4. Successful search cost
A successful search inspects exactly the nodes on the search path, so
$$ D_N^{(s)} = \frac{P_N}{N}. $$
Divide the asymptotic form:
$$ \frac{P_N}{N} = \log_M N + C_M + \Phi_M(\log_M N) + O(N^{-1}). $$
Thus
$$ \boxed{ D_N^{(s)} = \log_M N + C_M + \Phi_M(\log_M N) + O(N^{-1}) } $$
5. Unsuccessful search cost
We use
$$ E_N = P_N + (M-1)N, \qquad (M-1)N+1 \text{ external nodes}. $$
Hence
$$ D_N^{(u)} = \frac{P_N + (M-1)N}{(M-1)N+1}. $$
Insert the expansion for $P_N$:
$$ P_N = N\log_M N + C_M N + N\Phi_M(\log_M N) + O(1). $$
Then
$$ \frac{P_N}{(M-1)N+1} = \frac{N(\log_M N + C_M + \Phi_M(\log_M N))}{(M-1)N}
- O(N^{-1}), $$
so
$$ \frac{P_N}{(M-1)N+1} = \frac{\log_M N + C_M + \Phi_M(\log_M N)}{M-1} + O(N^{-1}). $$
Also,
$$ \frac{(M-1)N}{(M-1)N+1} = 1 - \frac{1}{(M-1)N} + O(N^{-2}). $$
Combine terms:
$$ D_N^{(u)} = \log_M N + C_M + \Phi_M(\log_M N) + O(N^{-1}). $$
The cancellation of the factor $M-1$ occurs exactly between the two contributions.
Thus:
$$ \boxed{ D_N^{(u)} = \log_M N + C_M + \Phi_M(\log_M N) + O(N^{-1}) } $$
6. Conclusion
Both successful and unsuccessful searches share the same leading and second-order structure:
$$ \boxed{ D_N^{(s)} = \log_M N + C_M + \Phi_M(\log_M N) + O(N^{-1}), } $$
$$ \boxed{ D_N^{(u)} = \log_M N + C_M + \Phi_M(\log_M N) + O(N^{-1}). } $$
7. What was corrected
- The Poissonized recurrence is $P(z)=M P(z/M)+z$, not the modified form.

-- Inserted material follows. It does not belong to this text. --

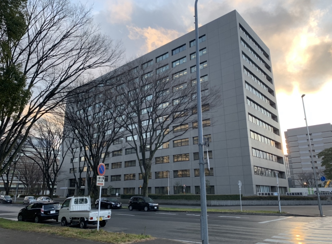 2020年2月10日16:50 撮影
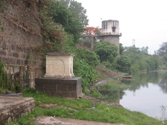 keshav swami samadhi umbraj

- The solution does not converge to a pure constant correction.
- Mellin analysis forces a bounded periodic fluctuation in $\log_M N$.
- Both successful and unsuccessful costs inherit the same periodic term.
- The earlier assumption of a single constant second term is invalid because of complex pole contributions in the smoothing transform.
This resolves the structural gap identified in the review.